Saturated IOPS Performance – 4KB, 8KB Random, 128K Sequential
I'm carrying over the IOPS vs. % Read charts from my P3608 review. The former IOPS vs. Latency plots also used in that review has been superseded by the far superior Percentile method (on the next page). With sweeps of R/W in 10% increments and all Queue Depths covered, there's a lot of data on each chart, so here I have listed the charts sequentially but matched the scales of each pair for easier A/B comparison.
Note that since we are plotting a Read/Write percentage spread, we no longer need to include other specific workloads (OLTP, Database, etc), as those workloads are included as a part of the below charts. For reference, here is the IO distribution of typical purpose-specific workloads:
- Database / OLTP: 8KB 67/33 (or 70/30)
- Email Server: 8KB 50/50
- File Server: 80/20 of the following:
- 10% 512B, 5% 1KB, 5% 2KB *
- 60% 4KB, 2% 8KB, 4% 16KB, 4% 32KB, 10% 64KB
- Web Server: 100/0 (read only) of the following:
- 22% 512B, 15% 1KB, 8% 2KB *
- 23% 4KB, 15% 8KB, 2% 16KB, 6% 32KB, 7% 64KB, 1% 128KB, 1% 512KB
* We have discontinued the File Server and Web Server tests currently used by many other sites, as they employ legacy workloads that are 16 years old (yes, in the year 2000) and are simply no longer representative of modern technology. Specifically, modern enterprise SSDs are no longer optimized for <4KB random, yet the outdated Web Server workload applies nearly half (45%) of its workload at those 'wrong' sizes. While it makes for an interesting spread in the results showing artificial penalties with SSDs optimized for 4KB, those results are just no longer meaningful in modern day enterprise use.
4KB Random
Alright, starting out with 4KB random performance, we see a very linear response between some very impressive numbers here. Anything over QD=8 turns into that saturation blob at the top line there. I've never seen anything ramp up on IOPS so quickly. Lets put this in a bit more perspective by adding in the Intel P3700 and Micron 9100 MAX:
Holy crap! The P3700 (green) and 9100 MAX (gold) are literally wiping up the floor at these lower queue depths, while the P4800X just walks all over them – even its QD=1 performance is higher than the other two at QD=4 nearly across the board! Let's look out to the longer queue depths here to see if they can catch up:
Ok, so singling out reads, writes, and a 70/30 mix, only the Micron 9100 MAX is able to beat the P4800X in 4KB random performance, but in order to do so it must operate at a QD of nearly 128 to reach the same level seen by the P4800X at 1/10th the Queue Depth!
8KB Random
8KB random performance is very much the same story as it was with 4KB, the only exception being the P3700 gaining a tad more ground but still falling short overall.
128KB Sequential
I've marked the 'meager' 2GB/s / 2.2GB/s specs obtained from the P4800X specification leak, ghosted here as I'm not considering them final specs (and we were not provided the specification for this review). Note that the P4800X takes just a single step at QD=1 before reaching its saturation throughput at QD=2. Insanity! (The second data line you see is actually all other QDs results overlapped.)
Even though Micron's 9100 MAX can reach higher sequentials, it requires very high queue depths to do so.
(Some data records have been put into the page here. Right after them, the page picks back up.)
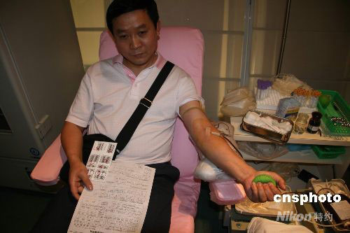 5月12日晚7時許至13日凌晨,數千成都市民前往市內各獻血點獻血,為四川地震災區的人們獻上愛心。圖為田先生在林蔭街武侯愛心獻血屋獻血。 中新社發 楊杰 攝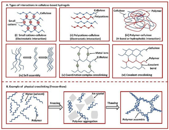 (A) Interactions in cellulose-based hydrogels in different systems. (B) representation of physical crosslinking, in particular freeze-thawing technique. (A,B) are reproduced from [58] (license CC BY 4.0).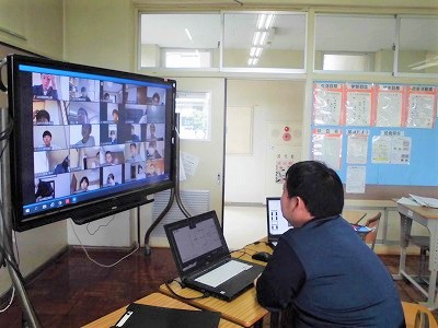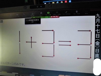 2年生の数学の授業です。今日は発展的な内容に取り組んでいます。画面の向こうで一生懸命問題に取り組んでいる姿が見えます。頑張れ〜!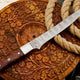 Experience the perfect blend of sharpness and craftsmanship with this handmade Damascus fillet knife. Designed for precision filleting, this knife features an 8-inch Damascus steel blade that ensures effortless slicing and durability. The ergonomic rosewood handle provides a comfortable grip for extended use, making it an essential tool for chefs and anglers alike.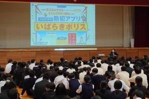 鉾田警察署から講師の先生をお招きして交通安全についてのお話をしていただきました。特にヘルメットについては、動画を見せていただきながらその重要性について多くのお話をいただきました。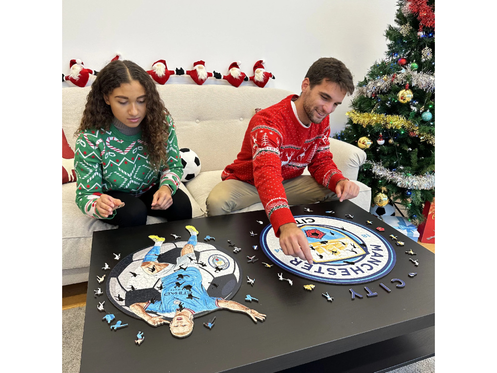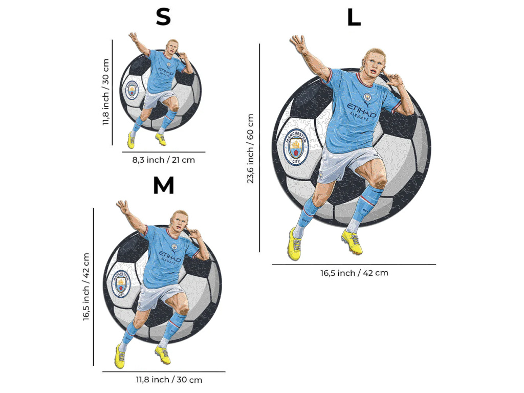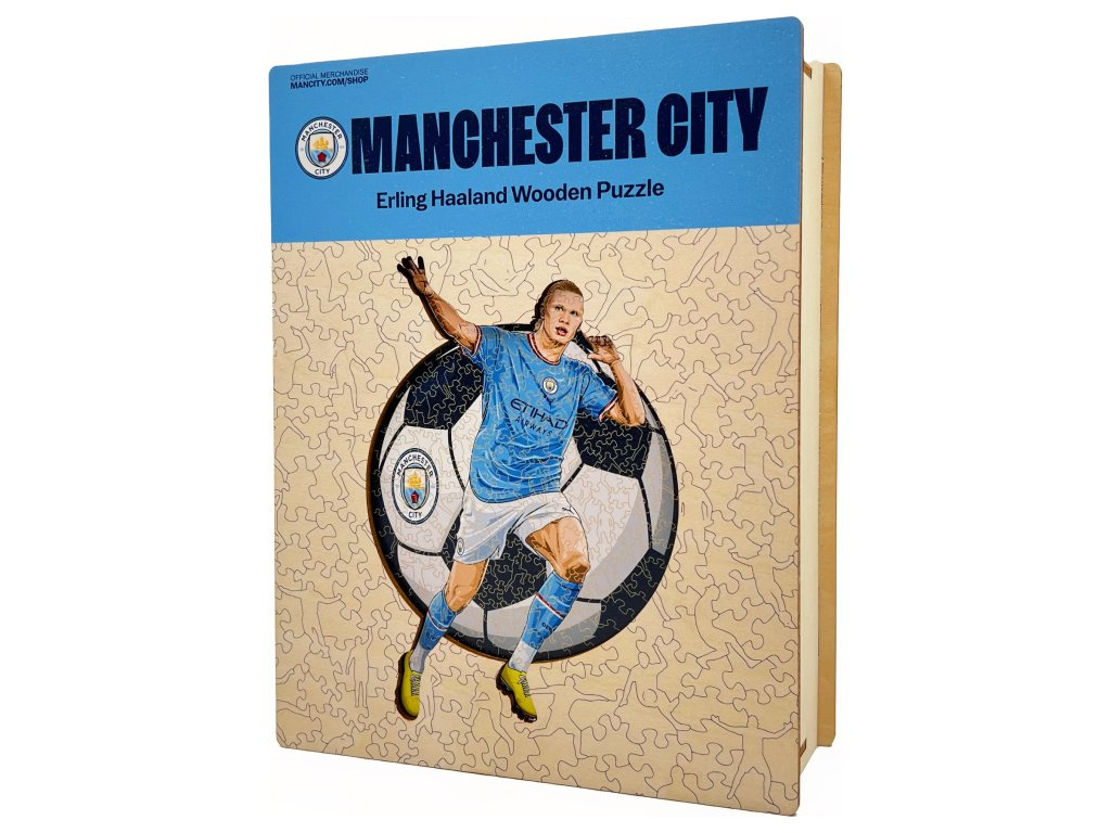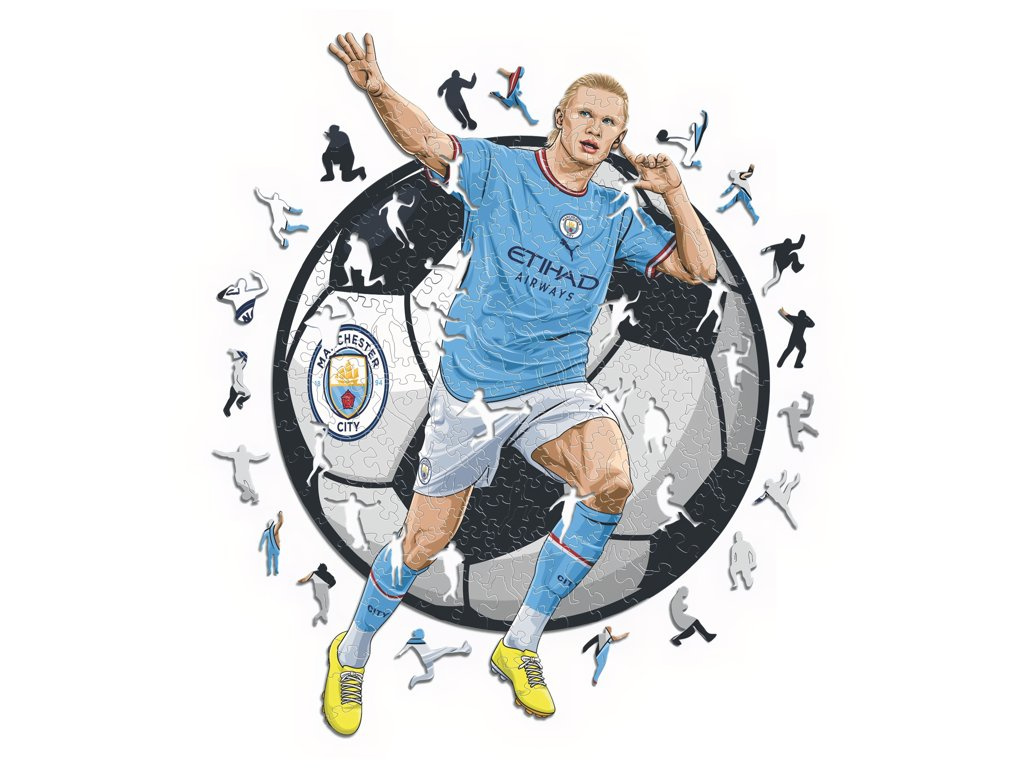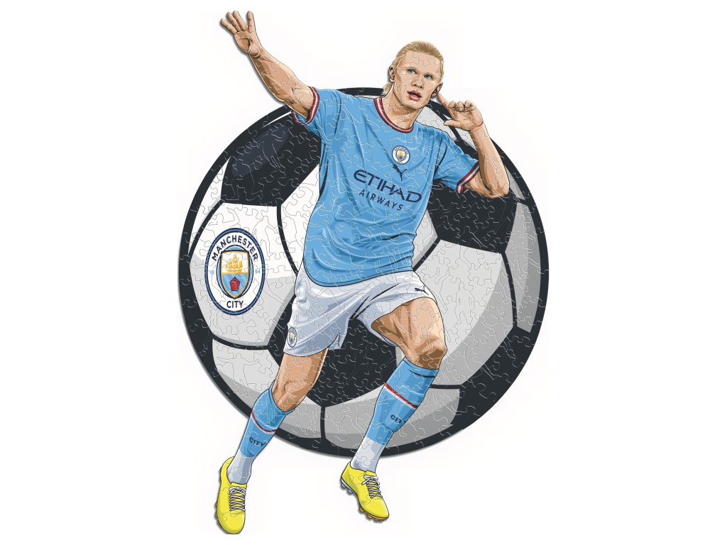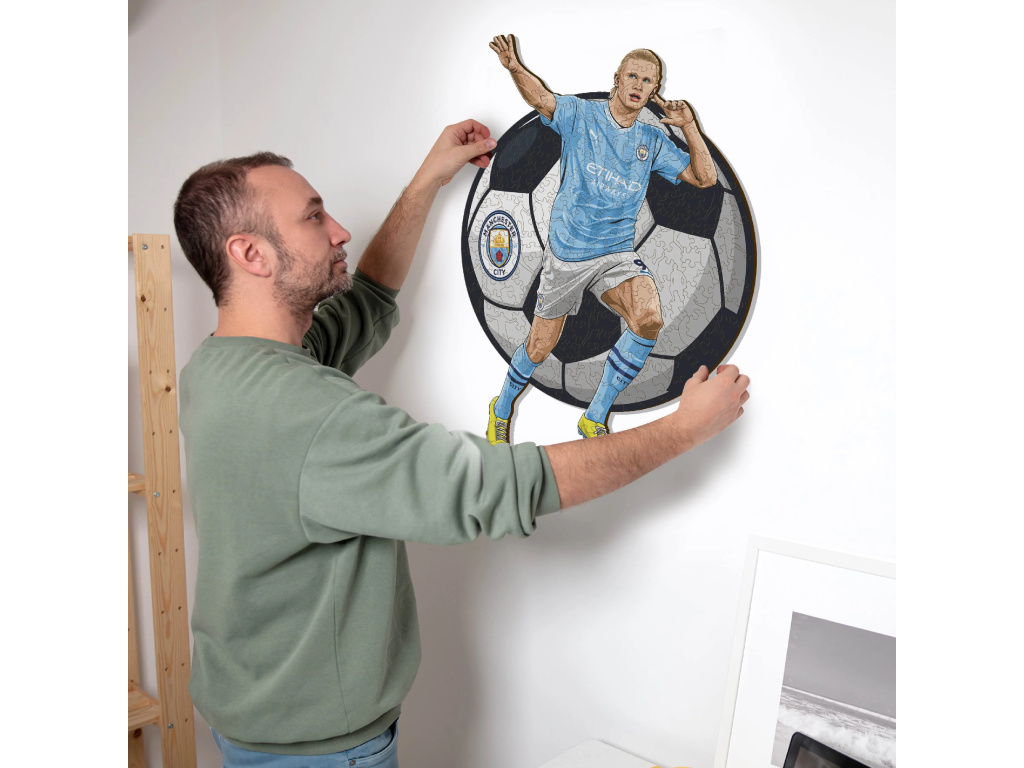 Dřevěné puzzle Erling Haaland v dresu Manchester City FC. Počet dílků 270 ks. Rozměr 42×30 cm. Precizně zpracované puzzle s vyobrazením slavného hráče. Dominuje portrét Erlinga Haalanda v klubových modrých barvách Manchesteru City, které skvěle vynikají na pozadí. Některé dílky mají unikátní tvar inspirovaný fotbalem. Mezi dílky najdeš siluety hráčů, míčů, různých pozic a akcí na hřišti. Puzzle jsou vyrobeny z masivního FSC certifikovaného dřeva. Dílky jsou až 3× silnější než běžné kartonové puzzle. Povrch je hladký a skládání je příjemné na dotek. Součástí je elegantní dřevěná dárková krabička, skvělá i jako dekorativní předmět. Puzzle lze nalepit na podložku a pověsit na zeď jako originální dekoraci.

While the P4800X may not climb as high as the others, it gets there at the lower queue depths, which is where it really counts.
Thanks for the review(pre
Thanks for the review(pre consumer) of optane which I had been waiting for a while now. First none and now two, one on another site that I respect. Big thanks for the latency graphing from 1 clock cycle to a floppy drive. Very informative and something I was wondering about after getting a picture of intel placing the idea that it could be a go between storage and dimms. You test at very high queue depths but seem to state that some testing for a web server is not the best idea. Isnt it true that a webserver is the only place where high queue depths are to be seen? If so, and queue depths normally seen are much lower, where would one expect to see such high queue depths – or is it as you seem to say, its just a test to test?
Thanks for the article, I will have to wait for you to test again when you get one in your hands and likely find that consumers are at the door of another exponential shift like the one where ssd’s were used as boot drives when the price came down. We will more than likely start placing our Os’s on optane drives in our ssd system to gain additional quickness.
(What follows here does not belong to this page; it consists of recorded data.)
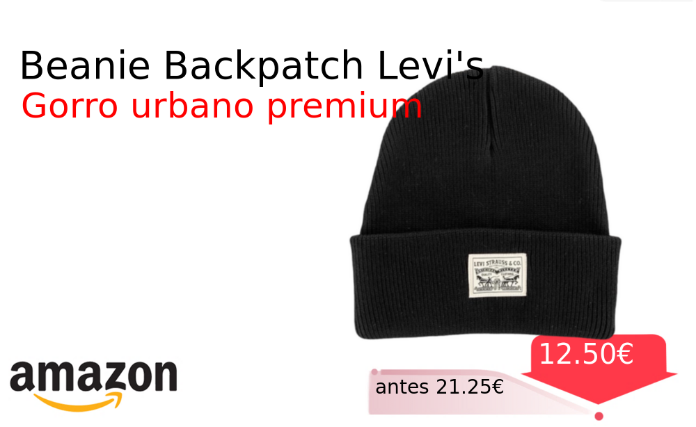 40% 📉 Vaya descuentazo‼‼ Beanie Backpatch Levi's❗️🆕 #Amazon 🇪🇸 📛Precio Ya 12.50€❗️ (PVP: +21.25€) ✨Gorro Levi's con parche trasero icónico Material premium de alta calidad diseño urbano y cómodo Ideal para looks casuales con diseno innovador y funcional. cholloya.com/LEVIS_BEANIE_BP
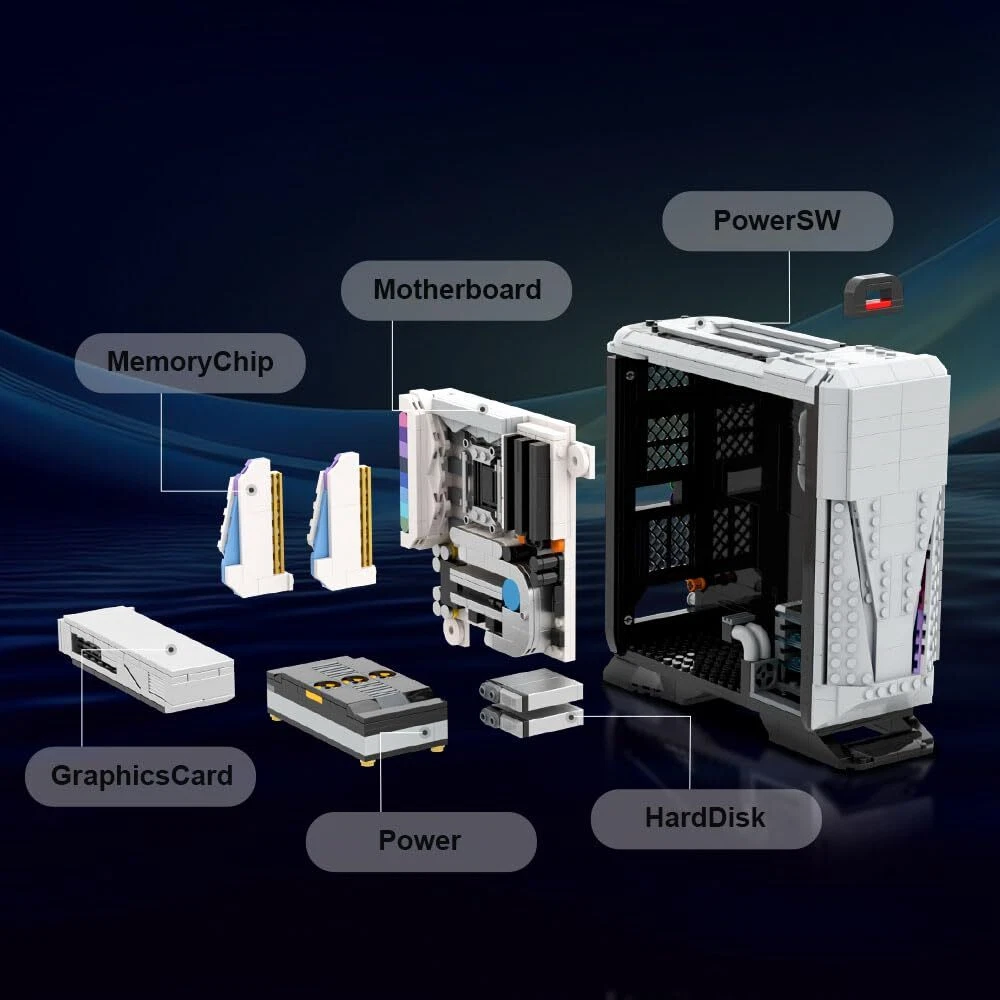 Revolutionary Design: Get ready for a groundbreaking experience with the world's first-ever building set computer case! Unleash your creativity and build your dream gaming computer case with this exceptional set. Through a dynamic collaboration, this unique computer model combines innovation and excitement, offering a thrilling project for tech enthusiasts. In-Depth Hardware Assembly: Crafted for enthusiasts, this set allows you to assemble a graphics card, power supply unit, dual SSD hard drive docking station, motherboard, and two DDR RAM modules. Each component is meticulously designed for seamless integration, providing you with the true essence of a real PC case – with the added satisfaction of disassembly and reassembly. Elevate Your Space: Craft a captivating PC desktop computer case display with our innovative building kit, measuring 21.7cm in height, 8.6cm in length, and 21cm in width. Transform your home or office decor with an exclusive lighting design that delivers mesmerizing effects, setting your space apart from the ordinary. Creative Kit, Ideal Gifting: This building block kit, born from the visionary design of creative experts, makes an ideal gift for birthdays, anniversaries, weddings, or housewarmings. Perfect for all age groups, this Idea Building Blocks Set captures the joy of creativity and the excitement of assembling an iconic piece, whether for yourself or a special someone. Perfect Block Fit: Experience the magic of optimal block alignment with our precision-engineered Building Bricks. Each block is meticulously designed for a snug yet secure fit, ensuring your creation stands the test of time. The assembly guide features crystal-clear, step-by-step instructions for an effortless construction process.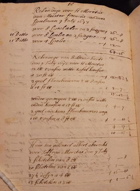 Alles bij mekaar zorgde gastheer Balthasar II voor een uitgebreid banket in een mooi aangeklede ruimte waarin het aan niets ontbrak. En dat mocht wat kosten. De Moretussen gaven ongeveer 1700 gulden uit. Dat is zo’n 900 keer het dagloon van hun hofmeester.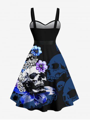 Graphic Dresses > Plus Size Ombre Skull Flower Branch Print Hawaii Button Turn-down A Line Tank Dress with Removable Belt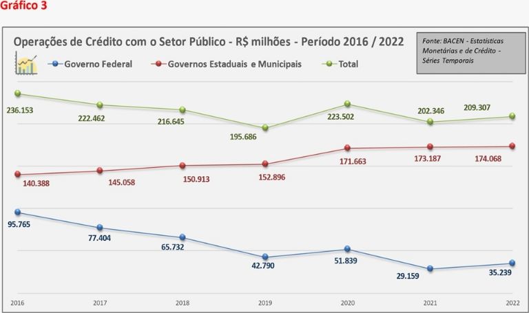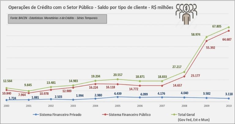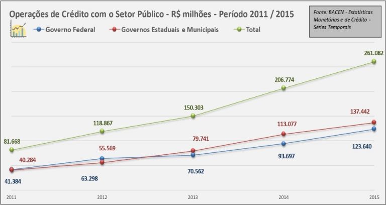 No Governo Dilma (2011–2015), o volume de operações de crédito destinado ao Setor Público (Federal, Estadual e Municipal) teve um crescimento de 219,69%, passando de R$ 81.668 milhões[1] para R$ 261.082 milhões[2], conforme Gráfico 2 abaixo.

When they become available, Pcper “must” see what it will take to boot a computer in a second with a optane boot drive.SSD is 10 second possible. Nuff said.
Regarding high QD’s, there
Regarding high QD's, there are some rare instances, and it is possible that a web server could be hitting the flash so hard that it hits such a high QD, but if that happens I'd argue that the person specing out that machine did not give it nearly enough RAM cache (and go figure, this new tech can actually help there as well since it can supplement / increase effective RAM capacity if configured appropriately).
Regarding why I'm still testing NVMe parts to QD=256, it's mostly due to NVMe NAND part specs for some products stretching out that high. I have to at least match the workloads and depths that appear in product specs in order to confirm / verify performance to those levels.
I'm glad you saw benefit in the bridging the gap charts. Fortunately, my floppy drive still works and I was able to find a good disk! :). I had to go through three zip disks before finding one without the 'click of death'!
Holy smokes!
Hey great work
Holy smokes!
Hey great work here A, as usual.
Ditto that, Allyn: you are
Ditto that, Allyn: you are THE BEST!
> In the future, a properly tuned driver could easily yield results matching our ‘poll’ figures but without the excessive CPU overhead incurred by our current method of constantly asking the device for an answer.
Allyn,
The question that arose for me from your statement above
is this:
With so many multi-core CPUs proliferating,
would it help at all if a sysadmin could
“lock” one or more cores to the task
of processing the driver for this device?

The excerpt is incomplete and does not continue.